▸ Raw data:
::::::

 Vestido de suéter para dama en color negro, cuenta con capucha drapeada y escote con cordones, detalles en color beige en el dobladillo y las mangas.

::::::

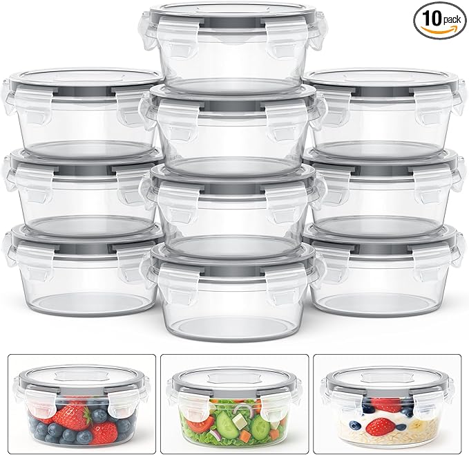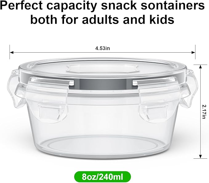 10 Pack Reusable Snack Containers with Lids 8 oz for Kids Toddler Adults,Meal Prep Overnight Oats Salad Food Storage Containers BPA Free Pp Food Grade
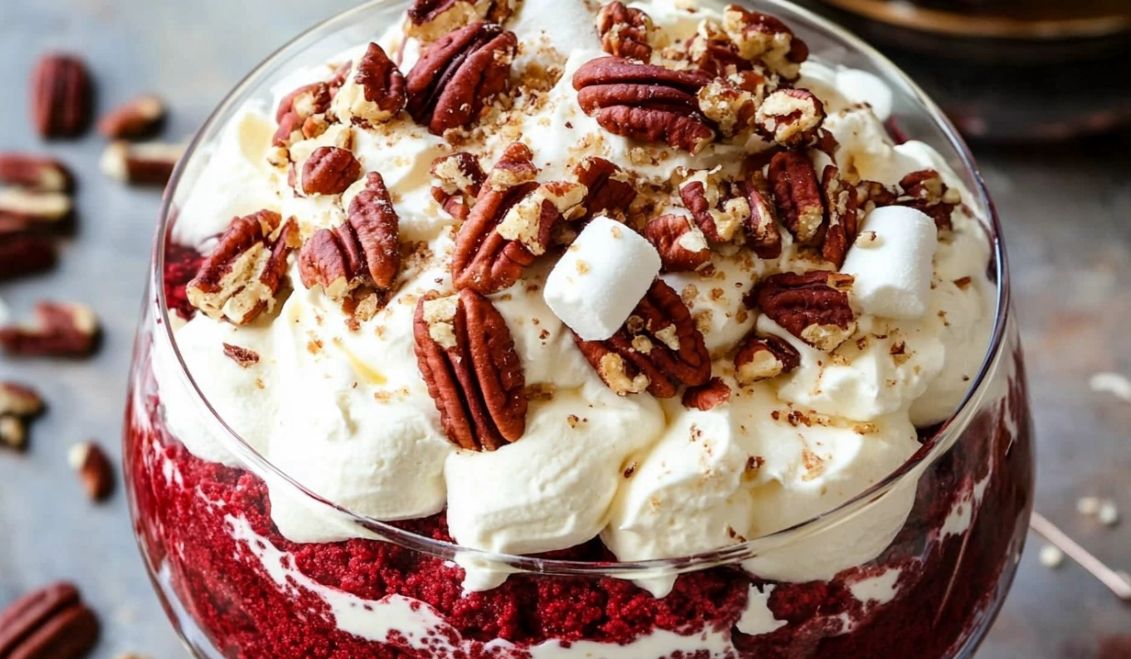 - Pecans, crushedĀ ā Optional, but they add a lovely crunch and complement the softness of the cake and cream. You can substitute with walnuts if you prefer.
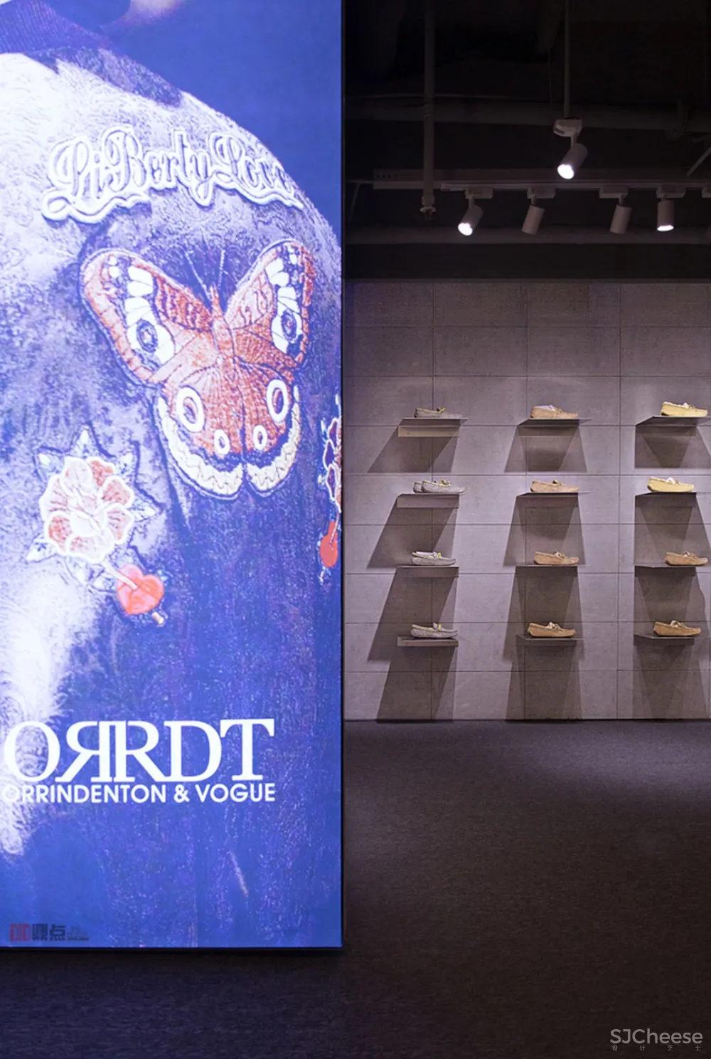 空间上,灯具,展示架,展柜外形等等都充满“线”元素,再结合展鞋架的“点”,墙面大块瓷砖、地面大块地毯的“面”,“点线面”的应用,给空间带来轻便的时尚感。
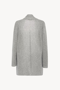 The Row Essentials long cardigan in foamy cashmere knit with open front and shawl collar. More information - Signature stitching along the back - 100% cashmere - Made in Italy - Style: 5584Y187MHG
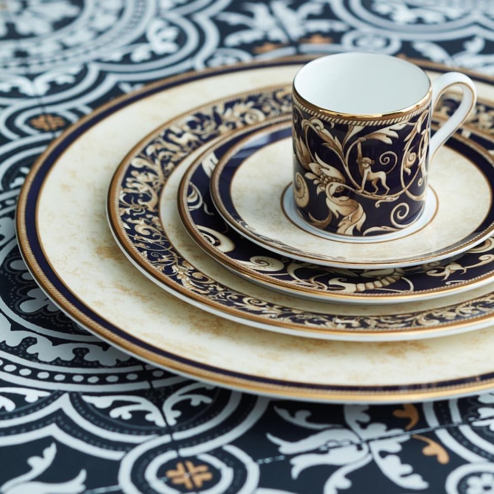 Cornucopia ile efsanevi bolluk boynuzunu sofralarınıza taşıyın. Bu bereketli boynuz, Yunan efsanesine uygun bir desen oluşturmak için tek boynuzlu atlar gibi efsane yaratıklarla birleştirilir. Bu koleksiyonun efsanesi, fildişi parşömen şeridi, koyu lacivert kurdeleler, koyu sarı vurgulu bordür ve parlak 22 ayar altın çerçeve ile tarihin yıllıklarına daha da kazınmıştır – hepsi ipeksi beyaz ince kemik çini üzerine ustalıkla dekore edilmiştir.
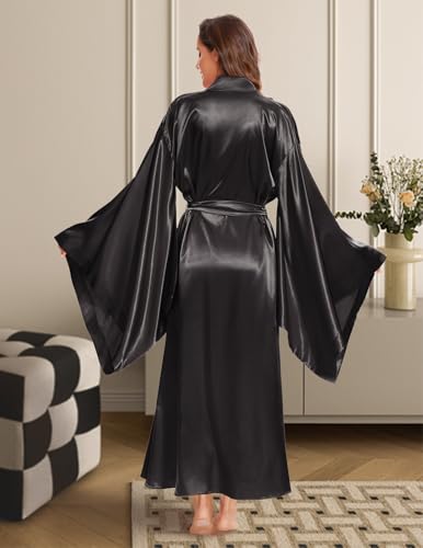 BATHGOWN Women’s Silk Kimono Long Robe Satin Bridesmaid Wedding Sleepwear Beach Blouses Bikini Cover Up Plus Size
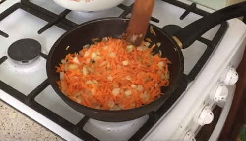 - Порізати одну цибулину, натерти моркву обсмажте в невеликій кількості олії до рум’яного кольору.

::::::

▸ What is required: When you reach the line containing "10 Pack Reusable" in the entries above, begin restating word for word, and stop once the line containing "空间上,灯具,展示架,展柜外" has been given. Omit the pictures.

▸ Result:
 10 Pack Reusable Snack Containers with Lids 8 oz for Kids Toddler Adults,Meal Prep Overnight Oats Salad Food Storage Containers BPA Free Pp Food Grade
 - Pecans, crushedĀ ā Optional, but they add a lovely crunch and complement the softness of the cake and cream. You can substitute with walnuts if you prefer.
 空间上,灯具,展示架,展柜外形等等都充满“线”元素,再结合展鞋架的“点”,墙面大块瓷砖、地面大块地毯的“面”,“点线面”的应用,给空间带来轻便的时尚感。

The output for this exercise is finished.